Data manage mechanism about VTA

D_Shang · November 8, 2018, 10:37am

Hi @thierry , In the fifth demo 2D Convolution Optimization in your website, I knew the data reshape methods in VTA, but how does the VTA manage the data, when to load and when to store?
Thanks！

thierry · November 10, 2018, 5:52pm

The matrix multiplication blocking tutorial should give you a good idea on how this works: https://docs.tvm.ai/vta/tutorials/matrix_multiply_opt.html#sphx-glr-vta-tutorials-matrix-multiply-opt-py

The key is to tile your computation and insert the compute_at schedule primitives at the right places. Let me know if you’d like me to elaborate further.

D_Shang · November 12, 2018, 6:47am

Thank you very much! @thierry I think your thought include three steps:
(1) spilt output channels and feature map, then reorder
(2) “compute_at” schedule
(3) spilt input channels and feature map, then reorder
Is that right?

My questions:
(1) why did you put the “ic.outer” at that position?

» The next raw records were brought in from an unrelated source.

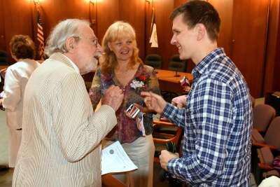 PRESS PHOTOS BY DANA GRUBBStephen Antalics Jr. chats with Vesna and Amir Kolmanic prior to the ceremony. Antalics, founder of the Bethlehem-Murska Sobota Sister Cities Association, filled in as master of ceremonies for president Gene Novak, who is recovering from an accident. The Kolmanics are the wife and son of guest speaker Vladimir Kolmanic, deputy chief of mission at the Republic of Slovenia Copyright - &Copy; Ed Courrier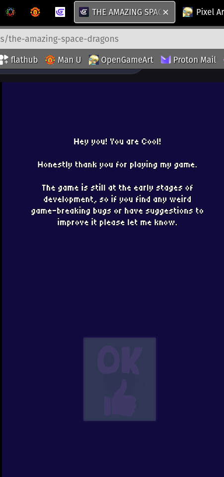 My feedback, firstly, there were 3 loading screens before I could play and it took about 5 minutes for them to load. Maybe there was a temporary connection glitch, I don’t know. Or are your sprites/other assets really big in file size?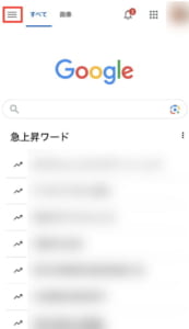 手順としてはGoogle検索を開いて左上の三をタップします。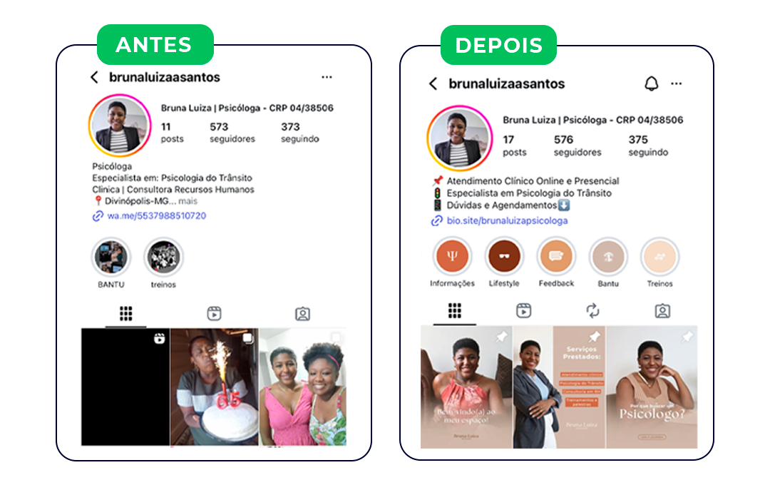 Nós analisamos o seu posicionamento e reconstruímos o seu perfil visual e estruturalmente, entregando uma base sólida para atrair clientes e gerar mais autoridade. Inclui: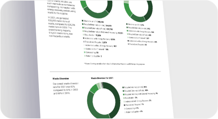 2021 Owens Corning Sustainability Report | Reducing Our Environmental Footprint | Waste Management | 185 Total Waste Generation and Disposal Owens Corning separates waste into hazardous and non-hazardous categories. The majority of waste generated in our facilities is either recycled or sent to landfill. Depending on the type of waste, we also use such methods as commercial composting, incineration with energy recovery, and returning waste to the supplier. In 2021, we generated 920,955 metric tons of waste, compared to 825,256 metric tons in 2020. The overwhelming majority, 916,431 metric tons, was non-hazardous waste. Waste Diversion Our overall waste diversion rate for 2021 was 62%, compared to 64% in 2020 and 60% in 2018. Waste-to-Landfill 343,492 Recycled Internally (on-site) 264,951 Recycled Externally (off-site) 227,715 Recycled Internally with External Processing 51,921 Recultivation 15,854 Incinerated with Energy Recovery 8,506 Treated and Recycled 2,879 Incinerated without Energy Recovery 907 Controlled Confinement* 186 Composting 18 Return to Supplier 2 2021 Non-Hazardous Waste by Disposal Method (Metric Tons) Waste-to-Landfill 1,976 Recycled Internally (on-site) 812 Incinerated with Energy Recovery 664 Recycled Externally (off-site) 495 Controlled Confinement* 217 Incinerated without Energy Recovery 295 Treated and Recycled 65 2021 Hazardous Waste by Disposal Method (Metric Tons) Recycled Internally (on-site) 46% Recycled Externally (off-site) 40% Recycled Internally with External Processing 9% Recultivation 3% Incinerated with Energy Recovery 2% Treated and Recycled 1% Composting <1% Return to Supplier <1% Waste Diversion for 2021 * Owens Corning considers Controlled Confinement as Waste-to-Landfill for reporting purposes.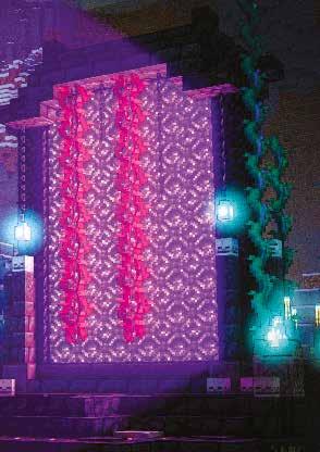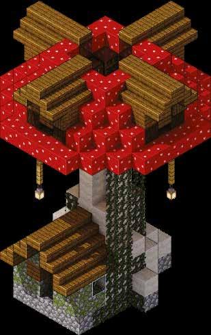 Start de hoed van de paddenstoel met een 5x5 laag van een paddenstoelenstam, sparrenhouten planken en rode paddenstoelen-blokken, zoals afgebeeld. Hang lantaarns op met sparrenhouten hekken en bekleed de stam met lianen.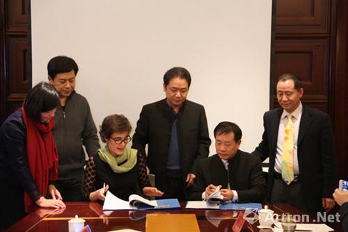 河南博物院院长田凯与温蒂女士签署“首届中原陶瓷双年展”策展协议。
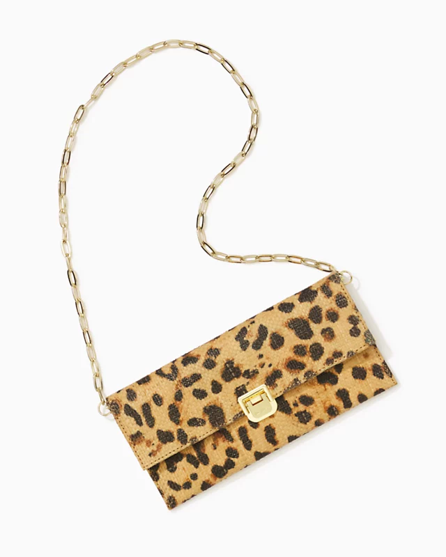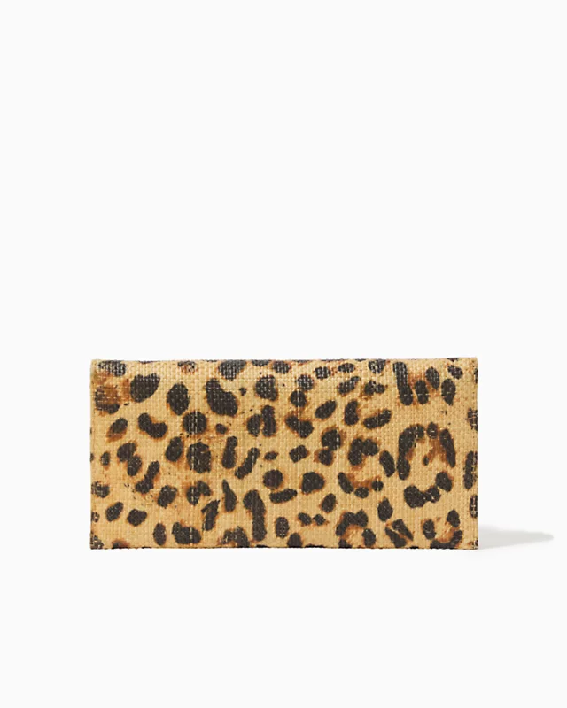 Take a walk on the wild side with our Abbot Leopard Clutch, a sleek printed straw design accented by a gold hardware closure and detachable paperclip chain strap.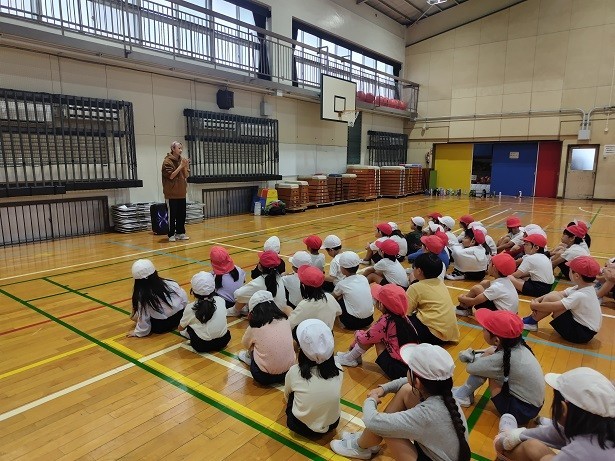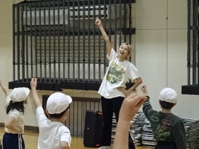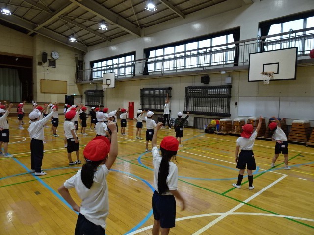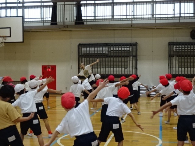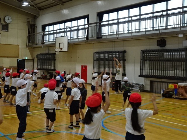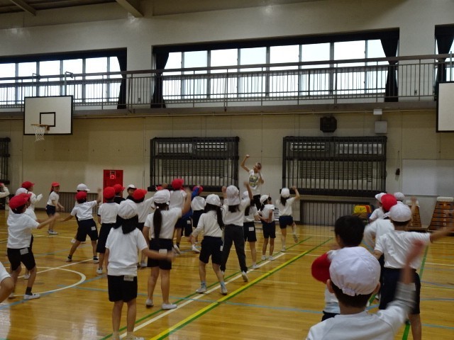 1年生がゲストティーチャーをお招きして、ダンスを学習しました。講師の先生のまねっこをしながら、日常の「いただきます」「いってきます」などの動きをしました。悲しいときは少し小さめに、元気な時は大きく、その他ゆっくり、速くのリズムを意識して踊りました。最後には、子供たちから希望のあった『ライラック』の曲に合わせて踊りました。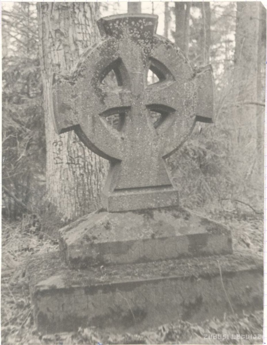 Riņķakrusts ir Latvijā ļoti rets kapu pieminekļu veids. Sens nostāsts vēsta, ka līdz 1800. gadam šajā vietā dzīvojis Ķazdangas muižas virsmežsargs Šēferis, kurš iemīlējies latviešu meitenē un uztaisījis tai bērnu. Meitene pēc tam izdarījusi pašnāvību un apglabāta Alokstes pretējā krastā, kur uz viņas kapa uzstādīts līdzīgs riņķakrusts. Virsmežsargs pēc tam nosities, jājot ar zirgu. Virsmežsarga riņķakrusts atrodas egļu mežā aptuveni 60 metrus no Skrundas–Kazdangas ceļa malas. Zinātāji šo vietu saucot par Šēfera birzi. 0,71 metrus augstais riņķakrusts novietots uz divpakāpju postamenta, kura augšējā daļā sīkā tekstā iekalts gadaskaitlis «+cMDCCC+», bet uz apakšējās «OBERFORSTER SCHAFER». Kopējais piemineklīša augstums ir 1,1 metrs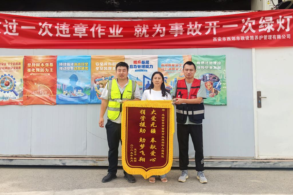 6月10日,西安市高陵区一幼儿园老师专程来到道桥集团西郊公司高陵维护项目部,送上了一面印有“大爱无疆、奉献爱心、捐资援助、筑梦飞翔”内容的锦旗和幼儿园的孩子们最纯真的谢意。
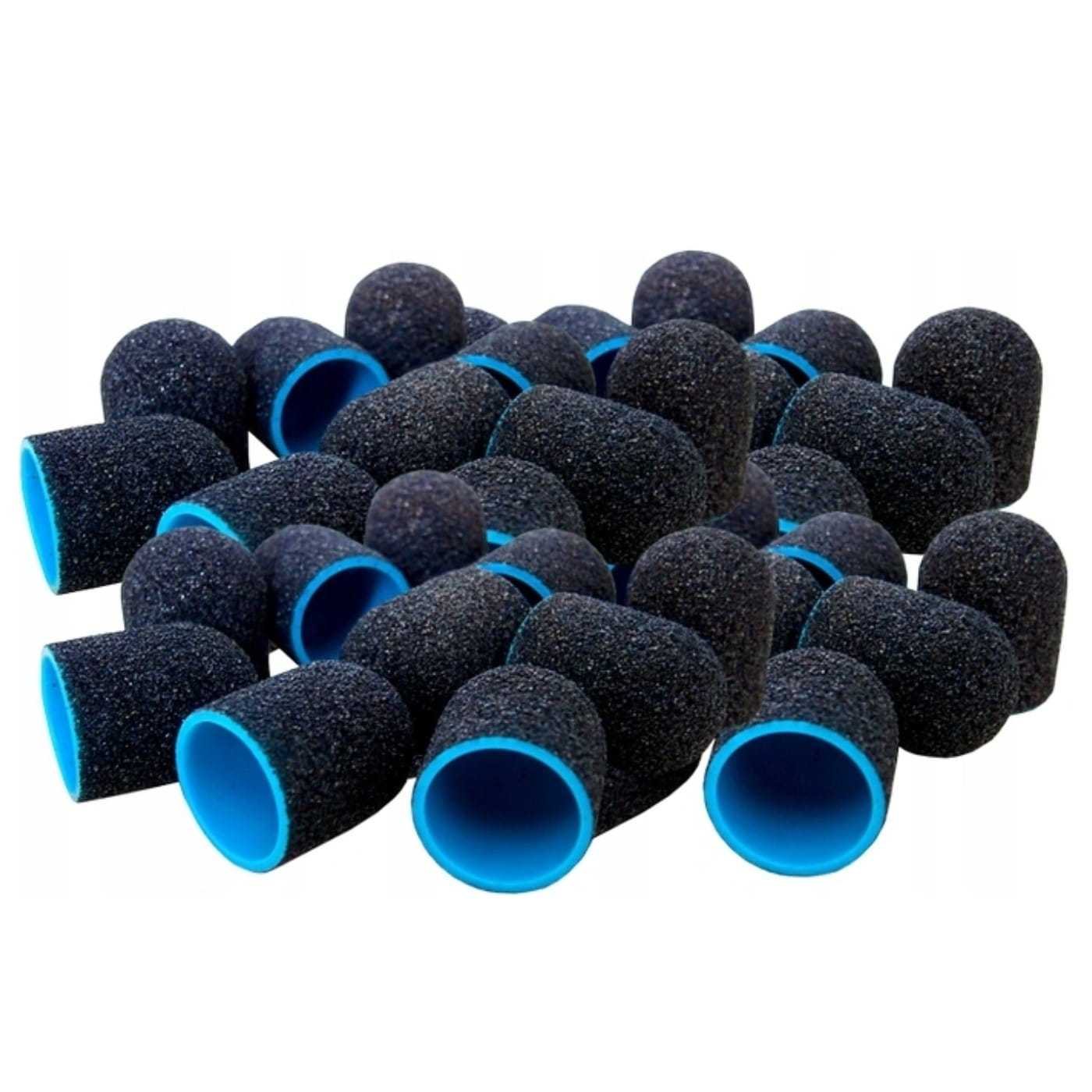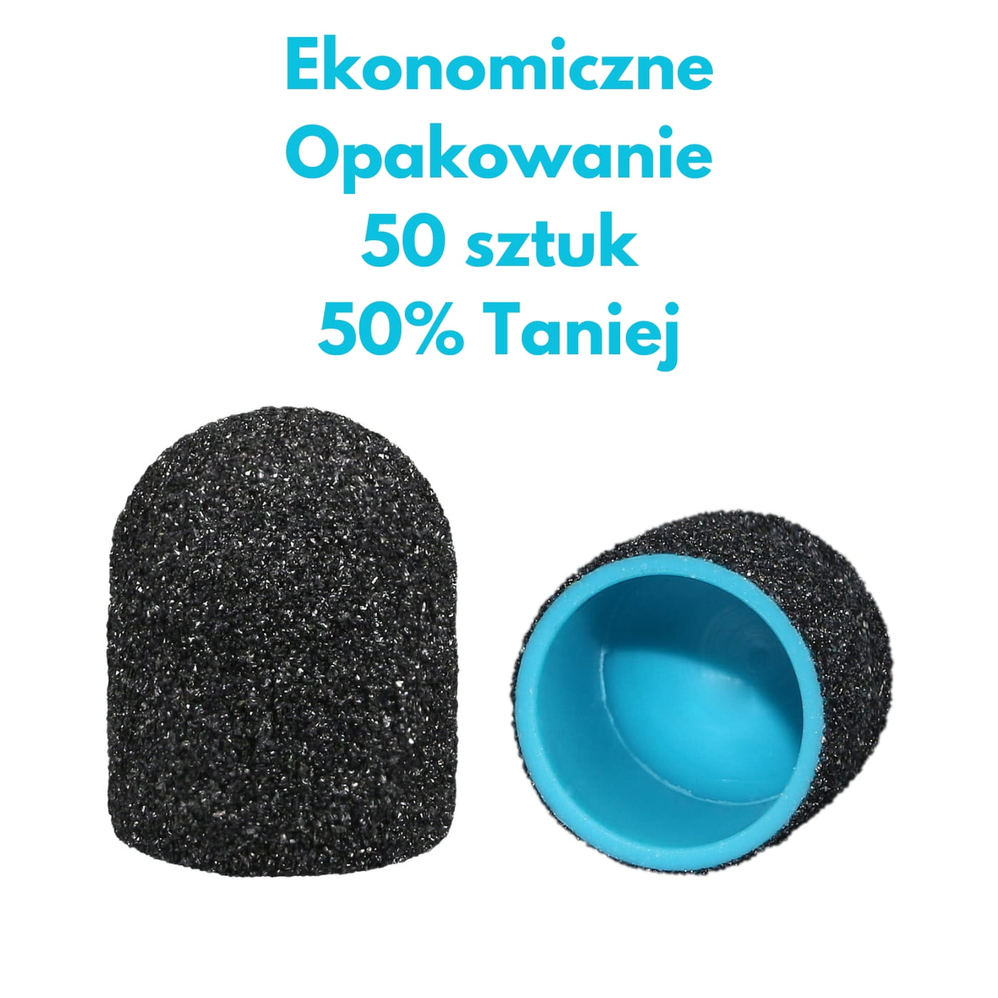 Zapewnij sobie profesjonalne wykończenie dzięki turkusowym kapturkom do manicure i pedicure. Rozmiar 13 mm, gradacja 80, zestaw 50 sztuk. Idealne dla salonów i do użytku domowego.

(2) Are the formats of data feature map, kernel and output feature map the same? Is the “Blocking the Computation” formats the same? Are all 2D Convolution Optimization method the same as the fifth example?

(3)when the input feature map is 2828128, kernel is 12833128(stride=1) and the output feature map is 2828*128, what’s the tiling parameters? how can I decide the tiling parameters for different layers?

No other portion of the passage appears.